Perché questo libro


Ho scritto i testi (quasi tutti, con pochissime eccezioni) che compongono questo libro fra la prima metà del 2019 e la seconda metà del 2021, con qualche fisiologica interruzione, una, soprattutto, abbastanza lunga nella primavera del 2020. Dopo altre vicissitudini di varia natura – e ulteriori correzioni e modifiche ai testi – il lavoro ha preso la sua forma definitiva e sarà presto finalmente stampato diventando a tutti gli effetti un libro. Chiunque lo prenderà in mano per leggerlo potrà apprezzarlo o meno, trovandovi magari qualche difetto ed eventualmente esprimendo delle preferenze fra i vari testi che lo compongono.
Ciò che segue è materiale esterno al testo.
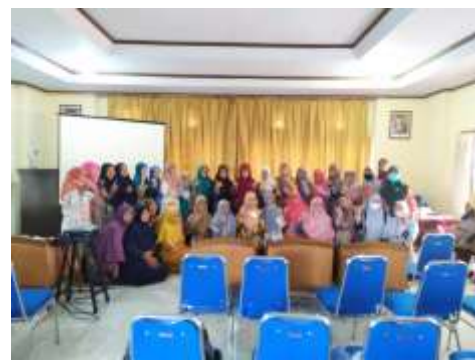
Gambar 4.2. Foto Kegiatan

Pendampingan pengelolaan keuangan ini dirasakan cukup penting mengingat TK/PAUD 'Aisyiyah akan bertransformasi menjadi lembaga pendidikan yang profesional sehingga dalam pengelolaannya perlu adanya keterbukaan, akuntabilitas dan juga pertanggungjawaban secara terperinci terhadap sumber dana dan penggunaan dana-dana. Selain itu memperkenalkan pengelolaan keuangan yang berbasis teknologi informasi (komputer) adalah dengan harapan pengelolaan keuangan dimasa depan menjadi lebih mudah dan baik oleh para pengurus maupun yayasan. Beberapa hasil yang dicapai dalam kegiatan pengabdian ini adalah sebagai berikut :

Come sempre, un’opera pubblicata non appartiene più soltanto al suo autore, ovvero non più completamente, anzi sempre meno, e questo è un bene, perché con ogni nuovo lettore aumentano le possibilità offerte dal libro stesso, che si potrebbe arricchire proprio durante la lettura che ne farà ognuno dal suo personale, unico e irripetibile, punto di vista. Ma questa è un’aspettativa molto positiva da parte mia, vorrebbe dire che il libro esiste realmente, è materia che può essere plasmata e riplasmata, se si vuole, crescendo in modo affatto nuovo nella testa di ogni lettore. Detto questo, se e quando mi capiterà di parlarne con qualcuno fra i lettori, potrebbe essere davvero eccitante per me conversare con loro di questi nuovi, imprevisti aspetti, che io, come autore, ho soltanto dato una mano a far nascere, scrivendo il libro e quindi pubblicandolo, ma si dovranno poi attribuire a chiunque lo leggerà, autore a sua volta. Forse, chi fra i lettori aveva avuto una personale esperienza di ciò che accadde in quegli anni, fra il 1999 e il 2018, potrebbe sentirsi più coinvolto, proprio per il fatto di avere esperito, dal suo personale punto di vista, qualcuna, tante o poche, magari soltanto una di quelle cose. Ma io spero che anche tutti gli altri, quelli che si avvicineranno al libro senza sapere nulla di e/static e di blank, non soltanto lo apprezzino, ma si sentano stimolati a elaborare una loro personale mitologia di tutto ciò che vi viene descritto o evocato.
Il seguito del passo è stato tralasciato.